I start looking through my car thinking that I just dropped them between my console and my seat. Nothing! Maybe it’s between the passenger seat and the console. Nothing! I look under the seats, behind the seats, in the cup holders, on the floor, under the floor mats! Nothing! So I check my pockets again, Nothing! Maybe I dropped them outside the car? Nope, not there! At this point I’m thinking to myself that I must be going crazy! The keys couldn’t have just disappeared! Somehow I got to work and I know that I have to have had the keys to do that! So I give a quick prayer, thinking that the Lord can help me find my keys.

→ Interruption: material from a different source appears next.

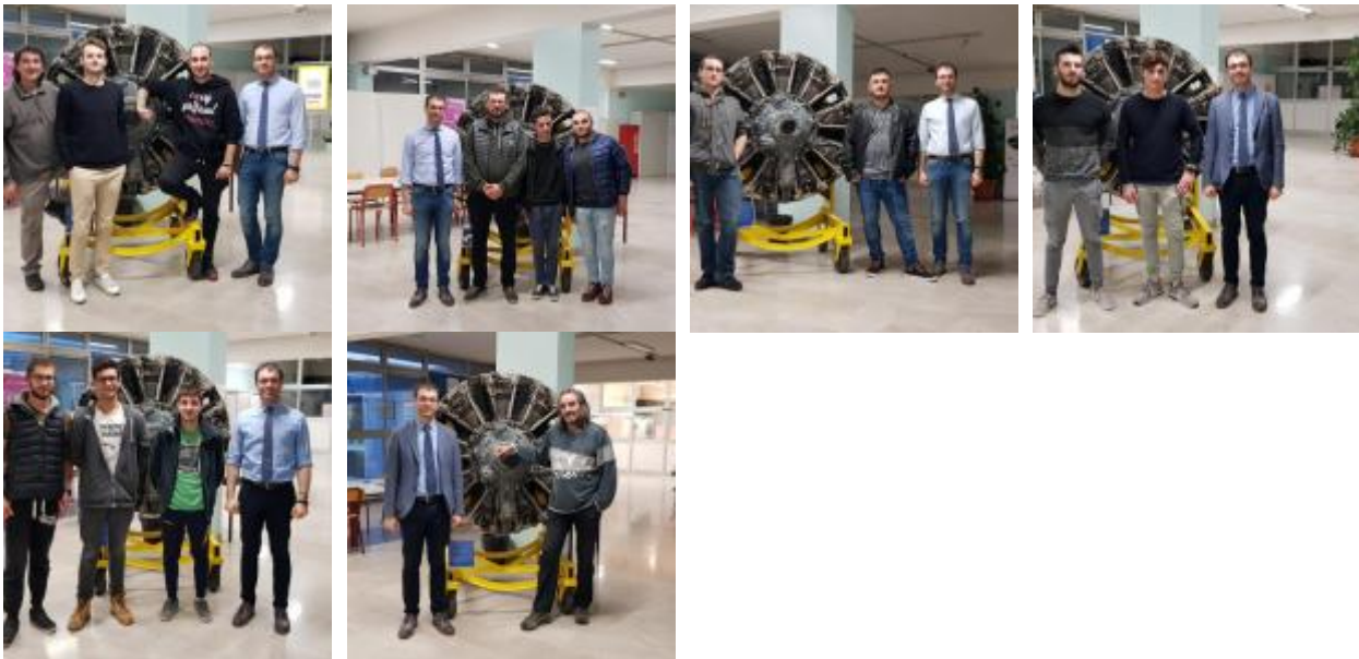
Studenti dell'ISIS Solari di Tolmezzo certificati ACU al Malignani

So I start searching the car again. Here I am sitting on the side of the road with my doors open searching all over my car. I’m looking in places that I know it couldn’t be, but I’m thinking to myself “Maybe I zoned out for a minute and don’t remember myself getting into the trunk???” I mean, where could these keys be? I still can’t find them. So I give a more fervent prayer this time, I need these keys! I don’t have a spare set, how am I going to get home? I’m not leaving my doors unlocked in Ogden while I go to work, but I can’t lock the doors because I know the keys must be in there!
So I start my search again. I pulling up mats and looking under everything, sticking my hands into the little cracks and crevasses! I even cut my hand sticking it under the chair thinking that maybe it slipped under there! I try my pockets a third time, I look under my car! I can’t find my keys anywhere! At this point I’m freaking out a little! I question my sanity! Maybe I somehow started my car without the keys? Maybe someone mugged me and I already blocked the memory out because it was too traumatic? Maybe the keys are in my pocket buy I’m going insane and so I don’t know they’re there! So I sit down in the driver seat and pray harder. I know the keys have to be here somewhere!
Finally 30 minutes after it all began, I lift up the top of the folder sitting on the passenger seat and there they are! My keys are sitting on top of the papers! Oh thank you Heavenly Father! I didn’t make a meeting that I was supposed to at 9:00, and I’m not quite sure why, but I have a feeling that maybe I wasn’t supposed to go to that meeting.
Ruminating and going over mistakes will only make it worse.